2024 ISIB Projects

  • Mapping and Geographical Risk Factors for Cancer in Iowa
    According to the Iowa Cancer Registry 2024 Cancer in Iowa Report, Iowa continues to have the 2nd highest and fastest growing rate of new cancers in the U.S. The Institute for Public Health Practice, Research and Policy has been working with the Iowa Cancer Registry to produce age-adjusted cancer rate estimates for every county in Iowa. We are interested in identifying potential risk factors related to these increases in cancer rates. New estimates of risk are available through PLACES produced by the CDC. In this project, we will relate cancer rates to various risk factors to identify potential risk factors of cancer incidence in Iowa and how those risk factors might change geographically.

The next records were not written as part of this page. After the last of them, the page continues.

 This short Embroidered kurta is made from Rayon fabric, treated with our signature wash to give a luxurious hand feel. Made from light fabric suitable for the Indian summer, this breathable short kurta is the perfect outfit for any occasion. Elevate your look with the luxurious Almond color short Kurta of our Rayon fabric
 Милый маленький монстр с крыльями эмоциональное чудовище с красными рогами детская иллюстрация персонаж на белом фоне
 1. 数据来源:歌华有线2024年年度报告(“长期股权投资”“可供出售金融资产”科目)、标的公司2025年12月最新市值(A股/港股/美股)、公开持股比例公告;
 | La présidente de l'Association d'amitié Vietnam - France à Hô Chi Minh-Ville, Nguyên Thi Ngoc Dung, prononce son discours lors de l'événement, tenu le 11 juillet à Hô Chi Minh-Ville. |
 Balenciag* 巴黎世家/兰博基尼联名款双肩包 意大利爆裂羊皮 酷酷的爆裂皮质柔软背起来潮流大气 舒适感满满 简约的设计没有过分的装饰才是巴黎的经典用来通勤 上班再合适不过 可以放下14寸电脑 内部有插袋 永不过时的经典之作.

  • Deep Learning to Predict Enrollment at the University of Iowa
    The University of Iowa, like many large institutions, has substantial data infrastructure regarding prospective, current, and former students. This resource is actively used by researchers in the Department of Biostatistics to help the university with recruitment, planning, resource allocation, and promoting student success and retention. This project will seek to expand the methods used to predict enrollment at the university by implementing recurrent neural network (RNN) models, and applying them to time-series of real student-level data. We will explore neural networks generally, as well as the use of graphics processing unit (GPU) accelerators and high-performance computing (HPC) resources to improve computation time.
  • Predicting antibiotics usage for improved healthcare-associated infection risk assessment
    Healthcare-associated infections (HAIs) impact an estimated 1 in 31 hospital patients and 1 in 43 nursing home residents.  Many HAIs are caused by pathogens resistant to antibiotic treatments, while other HAIs arise from antibiotics suppressing probiotics (helpful microorganisms).  An example is Clostridioidis difficile which in 2017 led to 223,900 infections and 12,800 deaths in the U.S.  It is imperative to develop a better understanding of how these pathogens are transmitted within healthcare facilities. 

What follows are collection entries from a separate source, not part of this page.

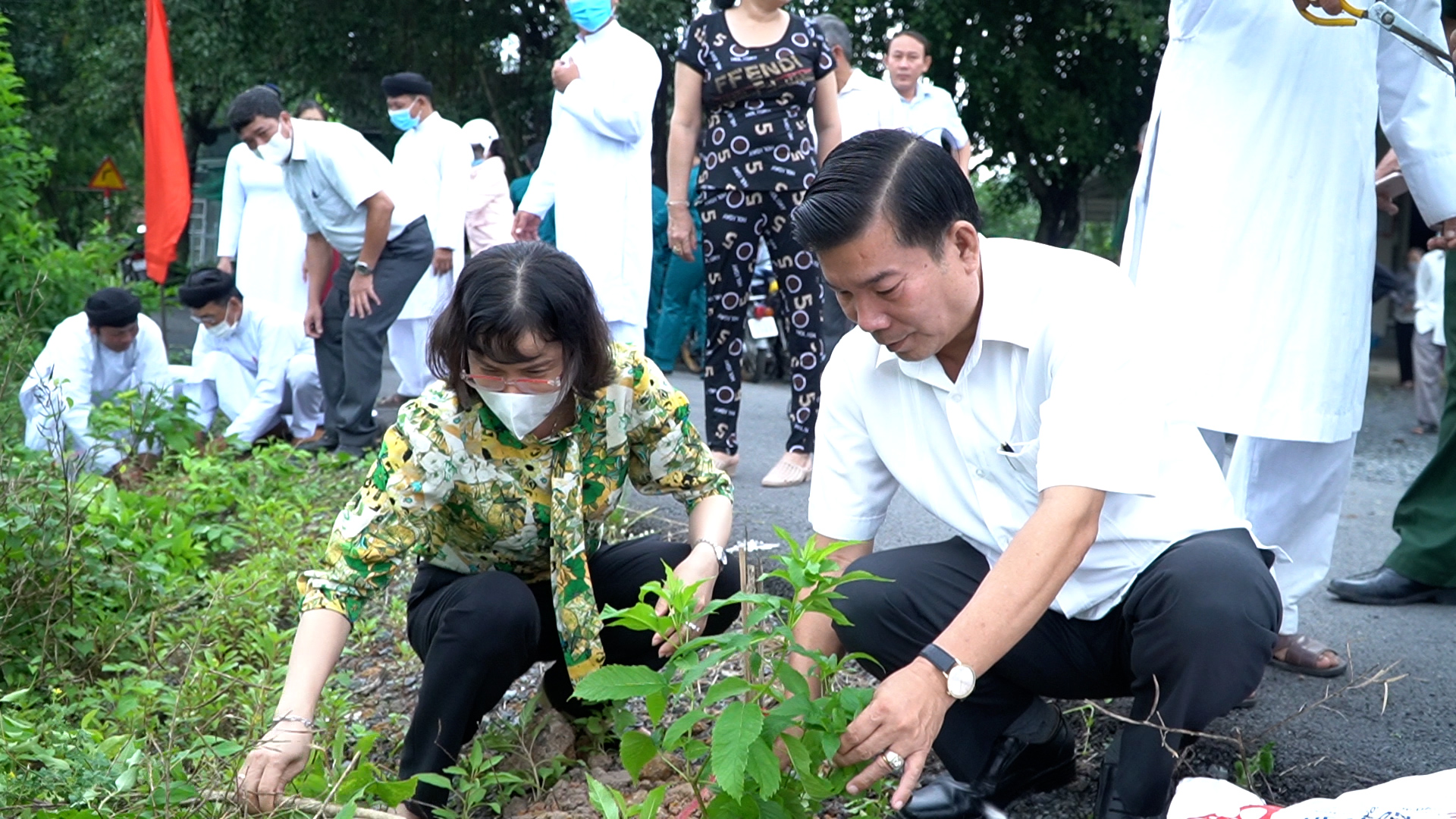 Ngay sau mít tinh, lãnh đạo UB.MTTQVN tỉnh, thành phố và địa phương cùng các lực lượng các tổ chức chính trị, xã hội, người dân xã Tân ra quân trồng gần 200 cây xanh trên tuyến đường văn phòng ấp Tân Hoà.
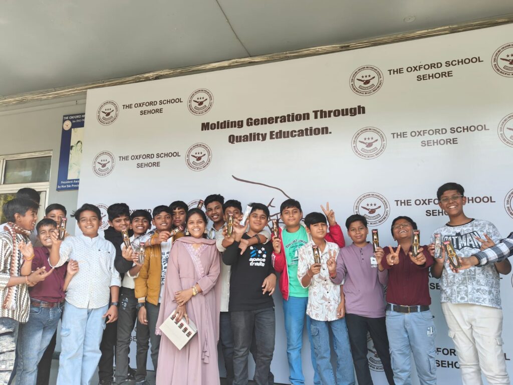 “Oxford School Students honored for outstanding performance at the State-level Junior Red Cross & Goodwill Camp, Guna, showcasing discipline, teamwork, and leadership skills.”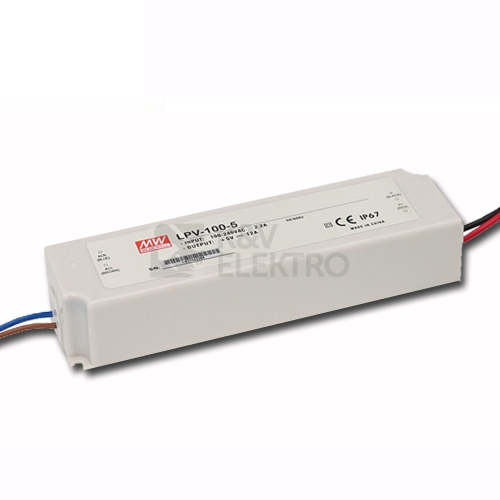 LED transformátor elektronický, napěťový stabilizovaný DC 5V/100W pro napájení PARALELNĚ zapojených LED svítidel, LED žárovek. Trafo udržuje konstantní napětí 5V. Má zabudované pojistky proti přehřátí, zkratu a přetížení. Technická data: vstupní napětí 230V AC/50 Hz výkon 100W výstupní napětí 5 V DC stupeň ochrany krytem IP67 ochrana proti zkratu ochrana proti přetížení

    To help answer this question, our research group has published research on which antibiotics lead to a higher risk of a C. difficile infection (CDI), as well as how other patients with a CDI in the same facility increases one’s own risk.  These two research lines come from the following two data sources respectively: (D1) over 26 million hospital encounters in which antibiotics usage is available, and (D2) over 16.8 million hospital encounters in which each patient’s healthcare facility is available.  To accurately understand how facility-level features and concurrent patients with CDIs (found only in D2) combine to foster varying risk environments to newly admitted patients, we also must know the antibiotic usage of patients (found only in D1).  This project, therefore, aims to use machine learning techniques to build predictive models for antibiotics found to lead to high CDI risk using D1; these will then be used to predict antibiotic usage of those patients in D2 in order to better understand how C. difficile spreads within hospitals.

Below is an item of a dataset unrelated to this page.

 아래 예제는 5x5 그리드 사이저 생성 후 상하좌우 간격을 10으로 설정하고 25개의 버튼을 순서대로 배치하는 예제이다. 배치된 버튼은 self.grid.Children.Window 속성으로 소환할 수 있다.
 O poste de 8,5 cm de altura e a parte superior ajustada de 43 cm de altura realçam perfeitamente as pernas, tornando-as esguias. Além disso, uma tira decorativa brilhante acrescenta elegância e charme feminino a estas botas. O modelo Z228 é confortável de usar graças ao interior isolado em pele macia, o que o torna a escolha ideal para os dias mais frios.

  • Multiple Structural Breaks Detection through Genetic Algorithm
    Under stimuli and workloads, the human body tends to display discomforts and covert proximal cognitions that can manifest through physiological responses. One such response can be in a form of skin sweats, easily capturable via wearable sensors. The sensors capturing electrodermal activities (EDA) record big data serially (4Hz, 8Hz), per subject, over a duration of an experiment (approximately 35 min). This project aims to study serial EDA data collected on subjects from an experiment being conducted in neuropsychology at the University of Iowa, with the goal to detect structural breaks corresponding to epochs of learning activities and assess the role that biofeedback plays in efforts to engage people in a learner space. The project mobilizes technological innovations in neuroimaging (fNIRS), wearable sensors monitoring covert cognitive activity, monitoring arousal states under workload, and video data outputs to address learners’ emotional discomfort. The project will focus on structural breaks detection though a genetic algorithm stochastic search across the spectrum of EDA data.